Optical vibrocardiography (VCG) is a novel, non-contact, tool for monitoring cardiac activity.  Morbiducci et al (2007) described the use of VCG for heart rate (HR) monitoring, based on the measurement of chest wall movements induced by the pumping action of the heart, which is eligible as a surrogate of electrocardiogram (ECG) in assessing both cardiac rate and HR variability (HRV).  The method is based on the optical recording of the movements of the chest wall by means of laser Doppler interferometry.  To this aim, the ECG signal and the velocity of vibration of the chest wall, named VCG, were simultaneously recorded on 10 subjects.  The time series built from the sequences of consecutive R waves (on ECG) and vibrocardiographic (VV) intervals were compared in terms of HR.  To evaluate the ability of VCG signals as quantitative marker of the autonomic activity, HRV descriptors were also calculated on both ECG and VCG time series.  Heart rate and HRV indices obtained from the proposed method agreed with the rate derived from ECG recordings (mean percent difference less than 3.1 %).  The authors concluded that optical VCG provides a reliable assessment of HR and HRV analysis, with no statistical differences in term of gender are present.  They noted that optical VCG appears promising as non-contact method to monitor the cardiac activity under specific conditions (e.g., in magnetic resonance environment, or to reduce exposure risks to workers subjected to hazardous conditions).  The technique may be used also to monitor subjects (e.g., severely burned, for which contact with the skin needs to be minimized).

Mahnke (2009) noted that heart disease is a major cause of worldwide morbidity and mortality.  Properly performed, the cardiac auscultatory examination is an inexpensive, widely available tool in the detection and management of heart disease.  Unfortunately, accurate interpretation of heart sounds by primary care providers is fraught with error, leading to missed diagnosis of disease and/or excessive costs associated with evaluation of normal variants.  Thus, automated heart sound analysis, also known as CAA, has the potential to become a cost-effective screening and diagnostic tool in the primary care setting.
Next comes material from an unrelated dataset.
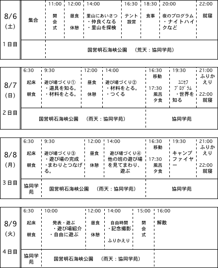 ■サマーキャンプのプログラム:3泊4日(予定) |

Visagie and colleagues (2009) presented the findings of a study using an auscultation jacket with embedded electronic stethoscopes, and a software classification system capable of differentiating between normal and certain auscultatory abnormalities.  The aim of the study is to demonstrate the potential of such a system for semi-automated diagnosis for under-served locations, for instance in rural areas or in developing countries where patients far out-number the available medical personnel.  Using an "auscultation jacket", synchronous data was recorded at multiple chest locations on 31 healthy volunteers and 21 patients with heart pathologies.  Electrocardiograms were also recorded simultaneously with phonocardiographic data.  Features related to heart pathologies were extracted from the signals and used as input to a feed-forward artificial neural network.  The system is able to classify between normal and certain abnormal heart sounds with a sensitivity of 84 % and a specificity of 86 %.  Although the number of training and testing samples presented were limited, the system performed well in differentiating between normal and abnormal heart sounds in the given database of available recordings.  The results of this study showed the potential of such a system to be used as a fast and cost-effective screening tool for heart pathologies.

Table: CPT Codes / HCPCS Codes / ICD-10 Codes
Code Code Description

Information in the [brackets] below has been added for clarification purposes.   Codes requiring a 7th character are represented by "+":

HCPCS codes not covered for indications listed in the CPB:

S3902 Ballistocardiogram

ICD-10 codes not covered for indications listed in the CPB (not all-inclusive):

I00 - I99.9 Diseases of the circulatory system
R00.8 - R00.9 Other and unspecified abnormalities of heart beat
R01.0 - R01.2 Cardiac murmurs and other cardiac sounds
R09.89 Other specified symptoms and signs involving the circulatory and respiratory systems
R93.1 Abnormal findings on diagnostic imaging of heart and coronary circulation
R93.8 Abnormal findings on diagnostic imaging of other specified body structures
R94.30 - R94.39 Abnormal results of cardiovascular function studies
Z13.6 Encounter for screening for cardiovascular disorders

The above policy is based on the following references:

  1. U.S. Food and Drug Administration (FDA). Zargis Acoustic Cardioscan. 510(k) Summary of Safety and Effectiveness. 510(k) No. K031517. Rockville, MD: FDA; May 26, 2004.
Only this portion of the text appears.